There was a time when I used to spend obscene amounts of money on books. Books are pretty gnarly things. Words on paper that take me to another world and make me miss train stations.
Unfortunately, I’m in a country that deems it perfectly reasonable to dub movies and translate everything into Russian because God forbid they fucking learn a different language (Sorry, that was just me being a bit tired of living here for almost a decade.) This means that if I want good books to read, I’ll have to haul them from Malaysia once a year and pray that I don’t have to pay for excess baggage (which also takes up obscene amounts of money.)
This also means that I have to trudge through the dumpster that is the World Wide Web for good things to read once I run out of books. I’m like that homeless guy with a trolley, except that he collects old tins and I score myself some sweet blogs.
Good blogs are not easy to find, and sometimes it’s not the first post you read that gets you hooked. This is what today’s post is all about: THE one that got me thinking, “I’ve got to start from the very beginning!”
1. Poor Stupid Cat – Books of Adam
This guy is precious. Not only does he write awesomely, he draws well too. Sure, illustrations may not matter to some of you, but if you’re anything like Gaston from Beauty and the Beast, you’ll appreciate the pictures. Heck, if you have something resembling sight, you’ll appreciate the pictures.
Why did this post do it for me? If you can make something as dull as a cat drinking anti-freeze funny, there’s no way I’m not going to be loyal.
2. The Immaturist’s Guide to Birdwatching – The Sneeze
I found this blog when in a moment of desperation, I Googled “funny blogs.” What can I say? It was one of those days when I even read the hell out of the milk carton.
I’m not the most mature of people; I still find Uranus funny, and I still giggle when I listen to Blink-182’s live album. Needless to say, when I found a blog with pictures of swallows and tits that I didn’t have to close as soon as someone walked into the room, I was excited.
Sadly, the writer doesn’t blog anymore, but there’s a whole pile of posts that are wildly entertaining, especially the Steve, Don’t Eat It! series.
3. My Damaged Penis – Yossarian Lives
I came across this one when I was studying for my Public Health and Healthcare exams, which was basically a pointless paper on how to issue medical certificates for Russians (ADD moment: for a country that dishes out prescription drugs like candy, they sure are stingy with sick days.)
It all started out with a Mathorgasmics post, which featured an equation so well worked out that I only WISHED I had math questions like that for my A-Levels. I know I would’ve done so much better. While that post was all good and fun, it was the tale of a penile injury that sucked me in. I’m pretty sure it was the picture of the poor phallus, but I like to believe that I’m not shallow and will go with the “He’s been writing entertaining things consistently, why the hell wouldn’t I keep reading?” angle.
4. How to Lose Male Friends and Fatten Your Hooha – Aiming Low
I can’t be sure, but I’m almost certain that the discovery of this page was a result of some frenzied Stumbling (you know Stumble Upon, right?)
I like this page because I can relate to it. I’m not an overachiever, and on a good day I can push myself to be a regular achiever. You can see why a site called Aiming Low would appeal to me.
The reason this post got me hooked was simply the fact that I’d TOTALLY have that sort of rubbish conversation with a male friend. My first thought was, “holy crap! People like me exist!”
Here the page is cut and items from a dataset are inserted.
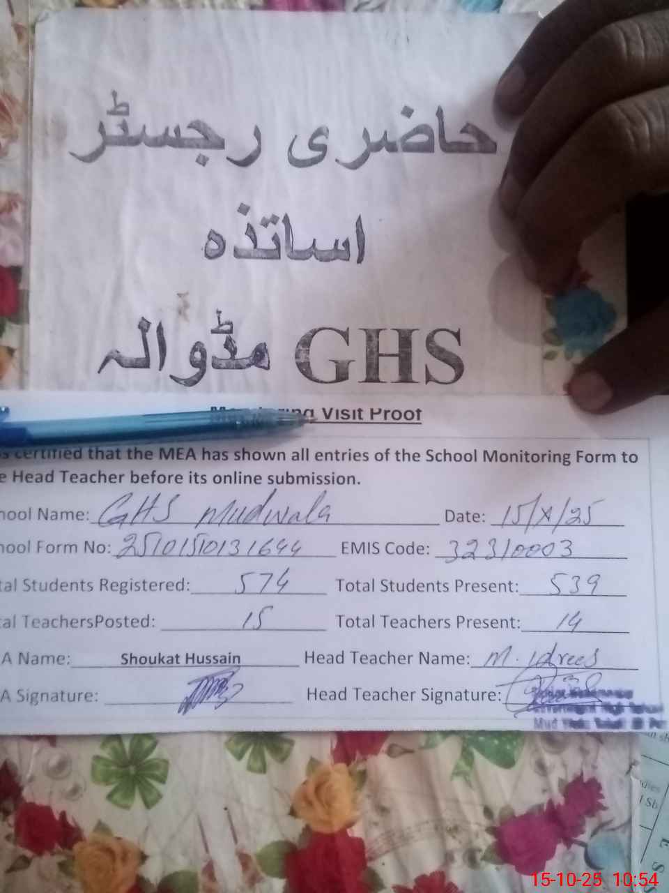 | EMIS Code: 32310003 | Name of School: GHS MUD WALA | |||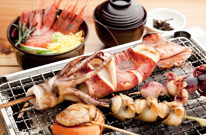 さらにホタテ、イカ、小ダコ、ツブ貝を豪快に焼いたものと、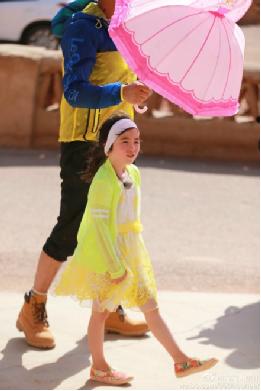 美麗的公主夏天,外穿防曬服,還有胡“護衛”貼身打傘,俨然公主巡視的陣勢,而且亮色的衣服本來就有助於防曬,原來是有備而來,怪不得小公主這麼堅強,沒有因高溫和暴曬而顯出絲毫不快。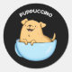 Pup puccino Funny Cappuccino Pun Dark BG Runder Aufkleber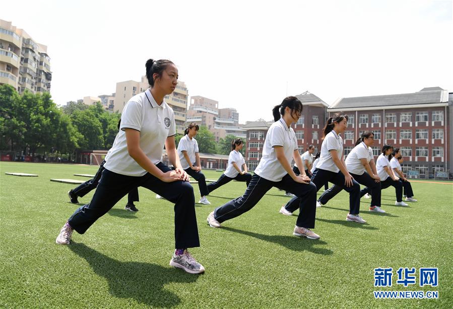 5月28日,北京市第十八中學初三年級的學生在體育課上做準備活動。北京市第十八中學共有初三年級學生340余名,學校在做好初三年級學生中考文化課備考的同時,加強學生心理及身體素質(zhì)的鍛煉,以最好的精神狀態(tài)備戰(zhàn)中考。據(jù)悉,2020年北京中考報名人數(shù)為7.5萬人,比去年增加25%。新華社記者任超攝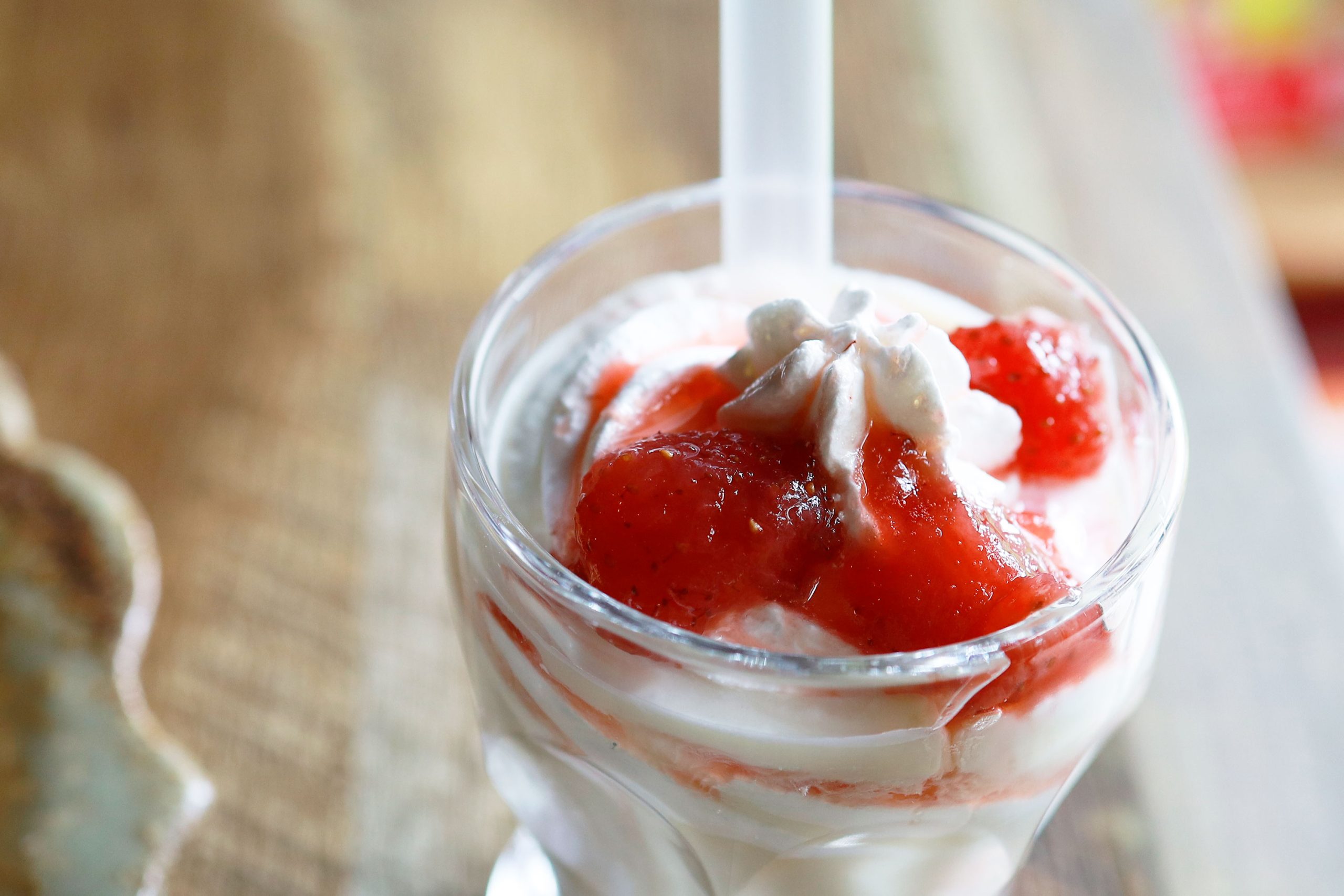 さて、次は「アスカルビーのソイグルト」をいただきましょう。ヨーグルトと豆乳の優しい甘みに、甘酸っぱいアスカルビーのジャムがトッピング。甘みと酸味が合わさって、まろやかな風味! 太めのストローから、ちゅるんっとイチゴが口に入ってくる瞬間は、もう言葉にならないおいしさです。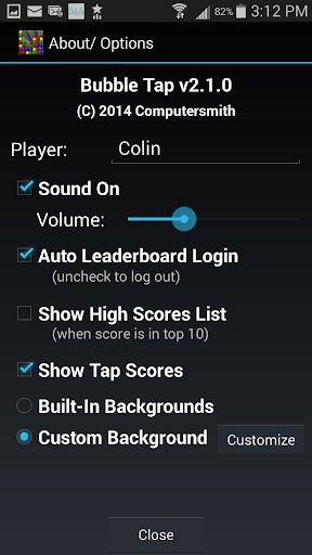 Play either Standard, Color or Challenge mode & use the Bonus Bubble to get you out of a sticky situation. Every 10 games you play earns you a new Bonus Bubble or you can buy packs of 10, 15 or 20 Bonus Bubbles through in-app purchasing.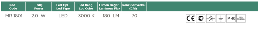 Ürün Özellikleri • Aluminyum enjeksiyon gövde. • 230-240V / 50-60Hz enerji girişli.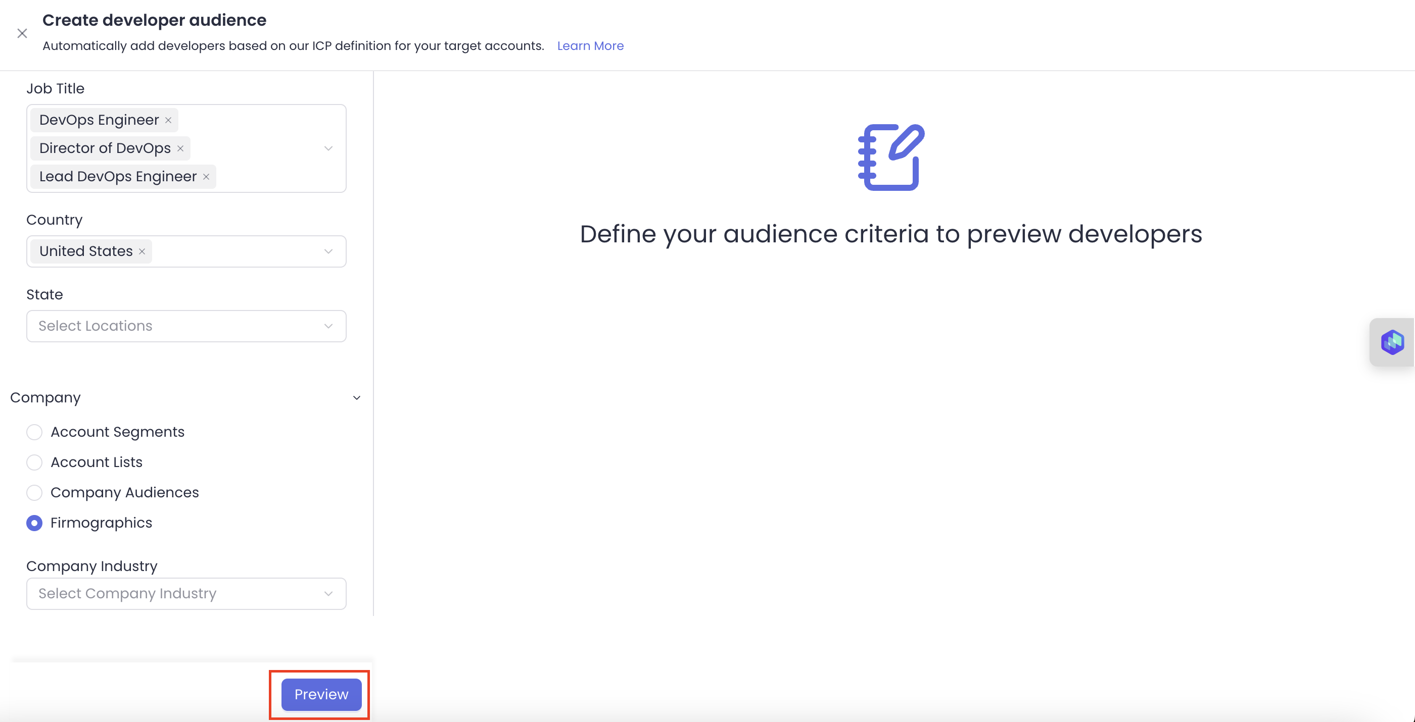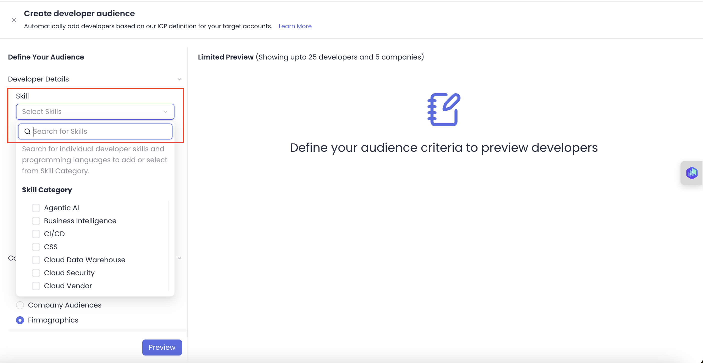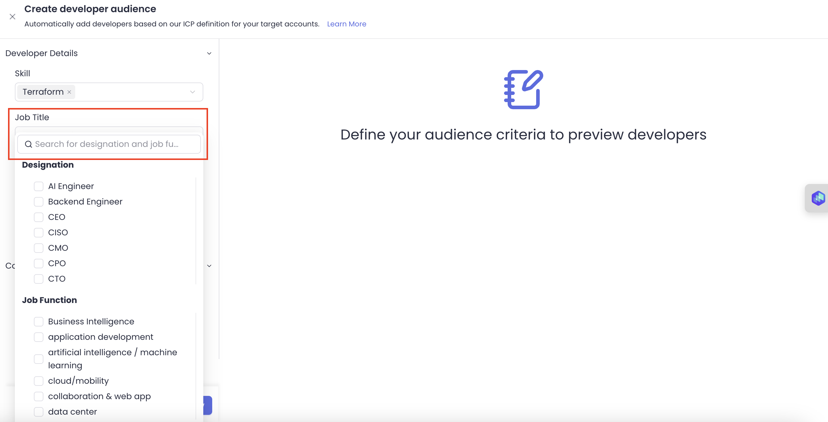 This section explains how you can leverage the developer audience feature to find developers based on specific skillsets, job title, and location within your target account lists or company audience.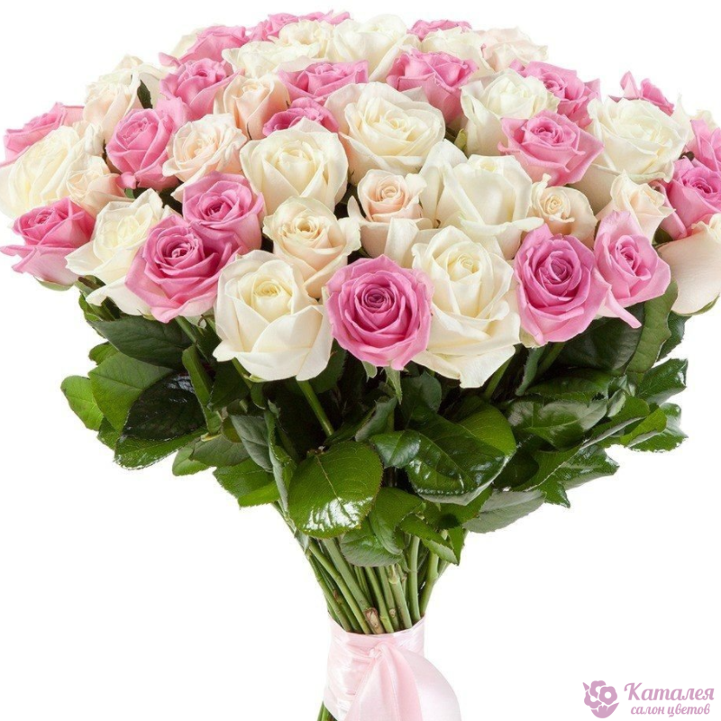 Букет состоит из 26 белых роз, 25 розовых роз, прозрачная упаковка, атласная лента.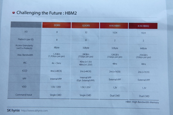 ...Die nun aufgetauchten technischen Daten von HBM2 zeigen für die zweite Ausbaustufe von SK Hynix 8 GBit pro Core-Die-Layer. Diese können in vier oder gar acht Lagen gestapelt werden, so dass der Speicherausbau pro Chip-on-Wafer bei 4 bzw. 8 GB liegt. Die Speicherbandbreite verdoppelt sich auf 256 GB pro Sekunde. Es bleibt bei der relativ geringen Spannung von 1,2 Volt. Das Ausstellen von SK Hynix auf der GTC 2015 ist wohl der deutlichste Hinweis, dass der 3D Memory der "Pascal"-GPU von SK Hynix stammen wird, was im Zusammenhang mit HBM2 auch Sinn machen würde.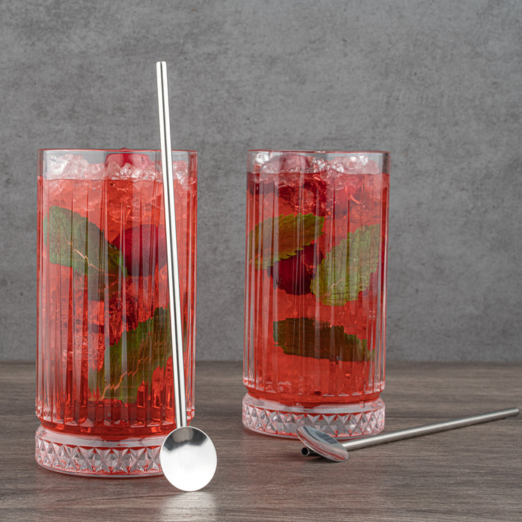 Experience the perfect blend of stirring and sipping with our Bar Lux Stainless Steel Julep Spoon Straws. Crafted for durability, these stainless steel straw spoons bring a touch of sophistication to your array of refreshing beverages. The innovative design of these drink mixing straws seamlessly merges the functionality of a spoon with the convenience of a straw, ensuring optimal usability. These reusable straws not only reduce waste but also elevate the aesthetic of your bar, restaurant, or catering service. Whether you're concocting strawberry daiquiris at a poolside bar or adding a polished touch to iced vanilla lattes at a trendy cafe, these versatile sipping spoons redefine style and practicality in beverage presentation. Each metal straw mixing spoon measures 7.5 inches in length. Sold ina 2 count box.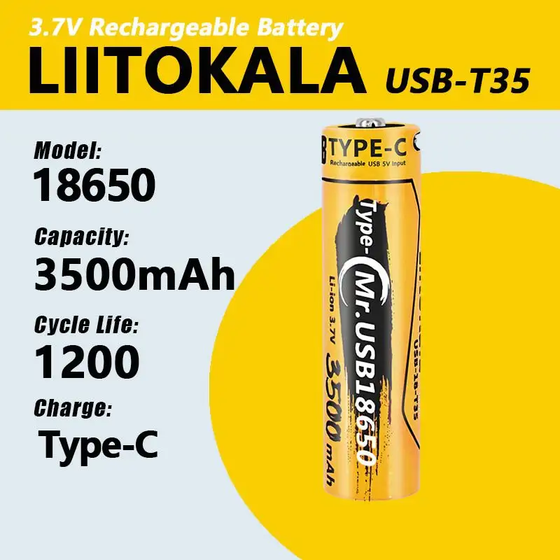 The LiitoKala USB-18-T35 is a 3.7V 18650 Li-ion rechargeable battery with a built-in USB Type-C interface for both input and output functions. Offering a large 3500mAh capacity, it combines portability, safety, and practicality for a wide range of electronic devices.

5. How to Use a Semicolon – The Oatmeal
My friends sometimes refer to me as a grammar ho. Those friends are cunts ( I jest! I love them…maybe.)
When I was in school, English classes were a joke. I learned absolutely nothing there, except that a lot of people in literature died of STIs. Actually, I’m not even sure of that, I might have made that up to make class more interesting. In short, whatever grammar I know, I know because English is my first language and I read an insane amount of books as a kid. This also means I’ve been sorta kinda figuring stuff out as I go along.
The semicolon has always bothered me. Sure, they look cute in emoticons, but I’m pretty sure they serve a greater purpose. It was on my quest to find out why the hell semicolons exist that I found The Oatmeal. Complete with examples of usage and an image of a party gorilla, I knew I was in for a good time here.
And that’s that, folks. Are there any blog posts out there that got you hooked on to a blog?